Task prompt » Using the records below, write out only the lines from the line containing "下午,初一初二年级全体学生集" up to and including the line containing "Система фильтрации у", exactly, with no pictures.

Stored data »

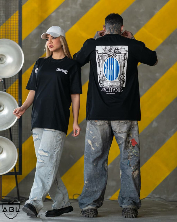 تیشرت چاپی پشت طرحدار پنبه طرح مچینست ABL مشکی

---

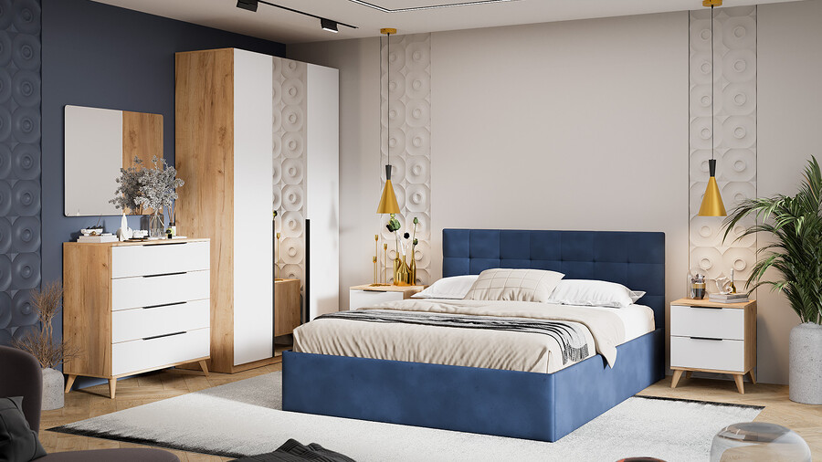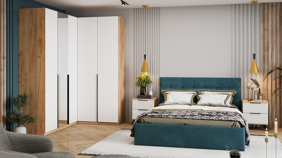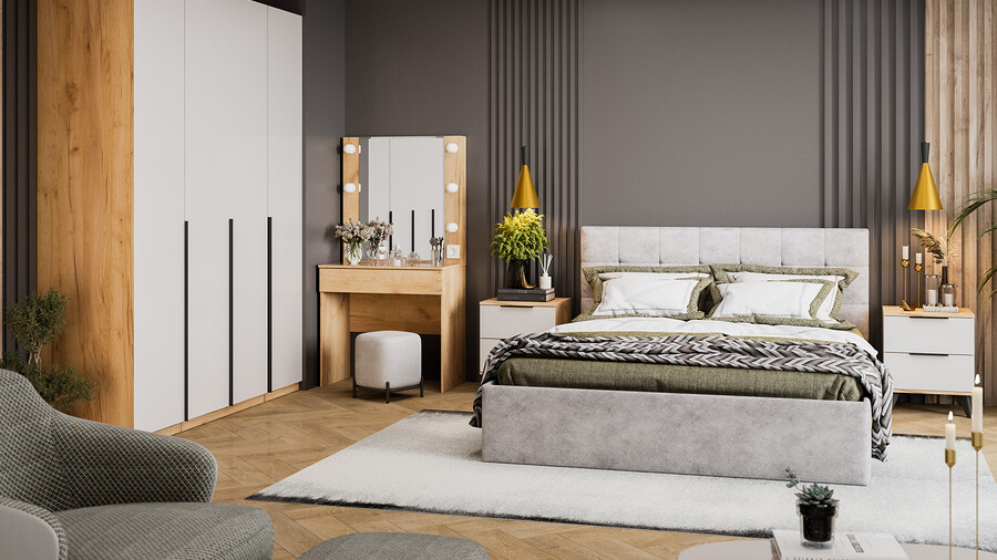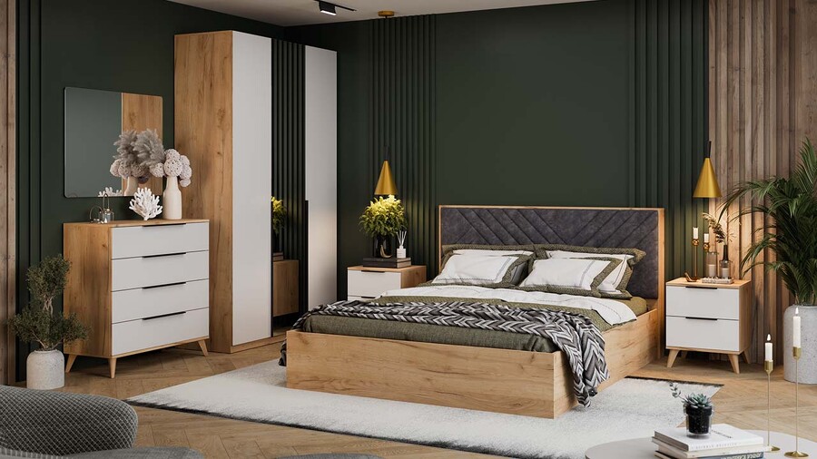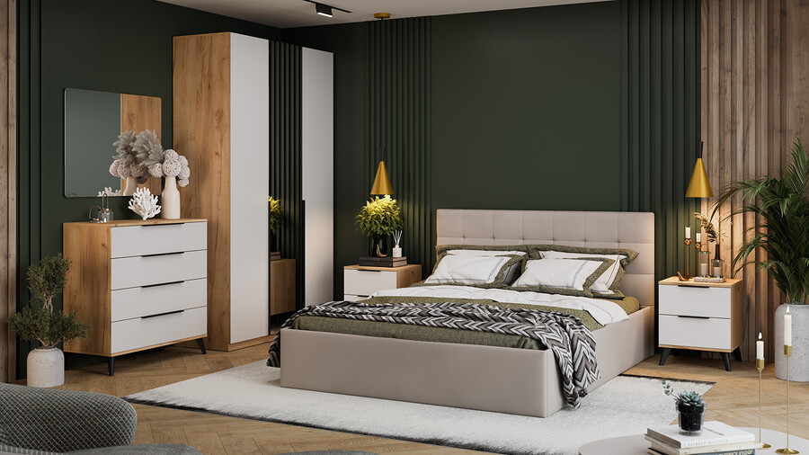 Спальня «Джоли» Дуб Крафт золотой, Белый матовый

==

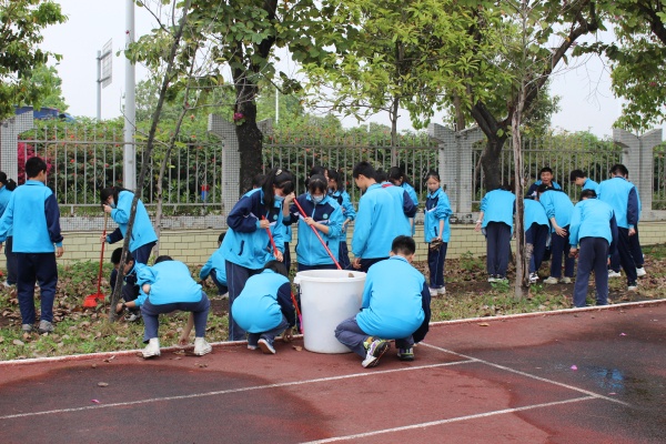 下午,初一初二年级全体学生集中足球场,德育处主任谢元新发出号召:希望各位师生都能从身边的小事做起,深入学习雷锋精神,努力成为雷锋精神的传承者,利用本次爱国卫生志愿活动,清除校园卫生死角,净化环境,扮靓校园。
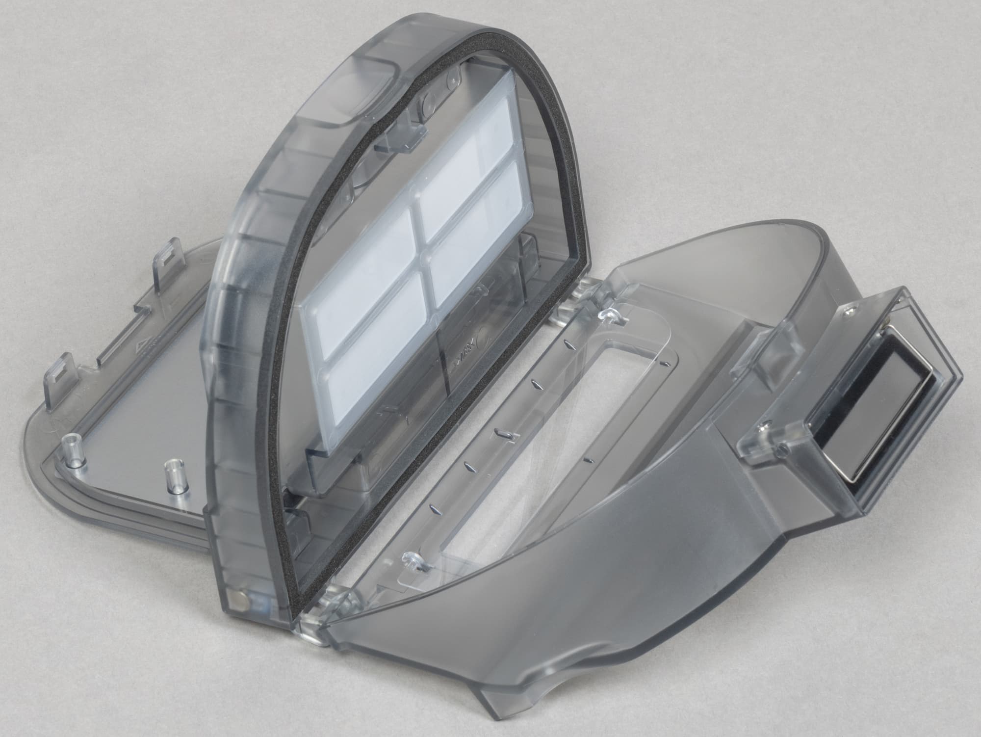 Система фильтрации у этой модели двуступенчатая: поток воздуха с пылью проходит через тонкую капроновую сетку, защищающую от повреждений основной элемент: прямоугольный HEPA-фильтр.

Output of the task »
 下午,初一初二年级全体学生集中足球场,德育处主任谢元新发出号召:希望各位师生都能从身边的小事做起,深入学习雷锋精神,努力成为雷锋精神的传承者,利用本次爱国卫生志愿活动,清除校园卫生死角,净化环境,扮靓校园。
 Система фильтрации у этой модели двуступенчатая: поток воздуха с пылью проходит через тонкую капроновую сетку, защищающую от повреждений основной элемент: прямоугольный HEPA-фильтр.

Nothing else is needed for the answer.